Back to the issue at hand, anyone living in a hot climate have a GP?

Deb Mc


----------



## AlaskaBoers (May 7, 2008)

*Re: Heat Tolerance*

oh, well then I'm glad you live in a warm climate! :hug:

ok, well I would not shave her, the guard hairs keep them cool, I'd brush her out very well to remove any 'down' hair she may have, my dad shaved our great pyr two years ago and she was miserable and terrible looking. 
provide a 3 sided shed.. (or even a cover tree) with lots of water out of the sun (prevents algae too) to keep it cooler. I put blocks of ice (in a gallon jug) in the buckets to really cool em down.


----------



## DebMc (Dec 11, 2009)

*Re: Heat Tolerance*

We have a 3-sided shed for the goats and other shade shelters in the area in which the dog would be spending her days. But would that be enough? Her owner thinks to seem so. Hubby disagrees and I'm torn. At present, I'm leaning more towards not getting her. :?


----------



## AlaskaBoers (May 7, 2008)

*Re: Heat Tolerance*

how about a fan?


----------



## DebMc (Dec 11, 2009)

*Re: Heat Tolerance*

Sure, a fan in the loafing shed is doable. But, again, is that going to be enough??? I wish I could get the opinion of someone who has experience w/GPs or GP crosses in a warm or hot climate. Maybe there are none. <lol> And that's my answer.


----------



## DebMc (Dec 11, 2009)

*Re: Heat Tolerance*

Thanks for the clarification. An Anatolian, okay. I just looked up your average summer temp and it is 30 degrees cooler than it is here (zip 85086). So we're getting a little warmer...how about GPs in scorching HOT climates? Any out there?
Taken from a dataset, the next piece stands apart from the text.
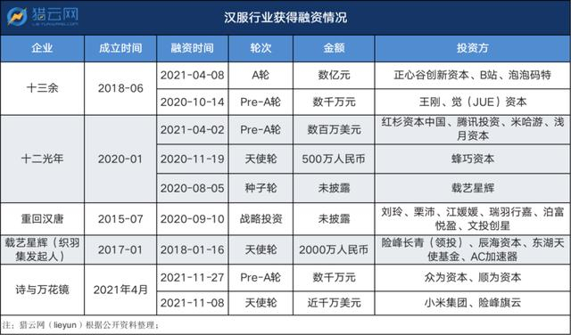 虽然过去几年间,资本开始入局汉服行业,甚至出现了诸如B站、泡泡玛特等新消费企业,但目前汉服服装市场投融资事件不足10起,仅有诸如十三余等头部品牌获得投资。
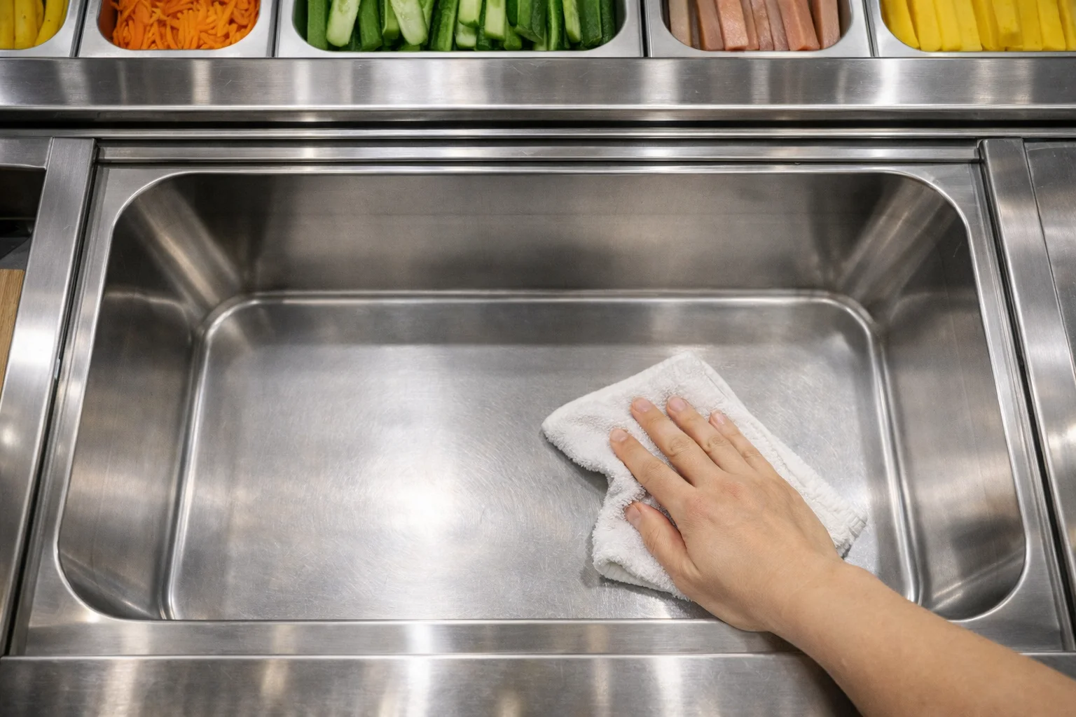 김밥은 위생이 전부라고 해도 과언이 아니죠. 재료 국물이 흐르거나 가루가 떨어지기 쉬운 김밥냉장고 상단 바트 부분, 청소하기 너무 힘들지 않으셨나요? 맞춤 제작의 묘미는 바로 여기서 나와요.

We do have kiddy pools and stock tanks. When its hot *and* humid, we keep our dogs out of the water as a wet coat on a dog actually facilitates heat stroke.

Deb Mc


----------



## OhCee (Feb 26, 2010)

*Re: Heat Tolerance*

Deb, do you have a picture of her coat length? Dierks did fine this last summer on 100+ days with his kiddie pool. he rolls in the water to cool off. mud also help drop body temp fast. i would just moniter her. i visited an obie ranch in tucson for linear appraisal and they had akbash guardians. they had longer hair than my anatolian/pyr.


----------



## DebMc (Dec 11, 2009)

*Re: Heat Tolerance*

Oh Cee - I just looked it up and the Okbash appears to be more heat tolerant than the GP. Sounds like a breed more suited to hot climates. What breed is Dierks?

Spoke to a guy down the road who has a GP X Wolf. He says he has to keep the dog indoors during the day all summer long, that it's way too hot to leave him outside even with misters.

Here's a pic of the dog. I'm told her coat is super thick. What do you think? She is kinda' unique in that she was raised w/goats and geese. The latter is very important to me as I have a waterfowl farm, some of which are rare breeds and very valuable $$$ - so bringing a pup on and training it is not an option. Besides, our bobcat problem is now, in the present. If a pup were an option, perhaps an Okbash would be better suited for the job???


----------



## OhCee (Feb 26, 2010)

*Re: Heat Tolerance*

Dierks is an Anatolian/Pyr too  He had the shortest coat type in his litter, though.

This is him with his two brothers whom I picked from, Dierks is in the middle:









http://www.facebook.com/album.php?aid=2 ... a83132732d
You can see his current coat there^^

Yeah the Akbash have less undercoat than the Pyrs.

If you furminate/rake out your girl, hose her down, and give her plenty of shade, I don't see her stroking on you. It's worth a shot.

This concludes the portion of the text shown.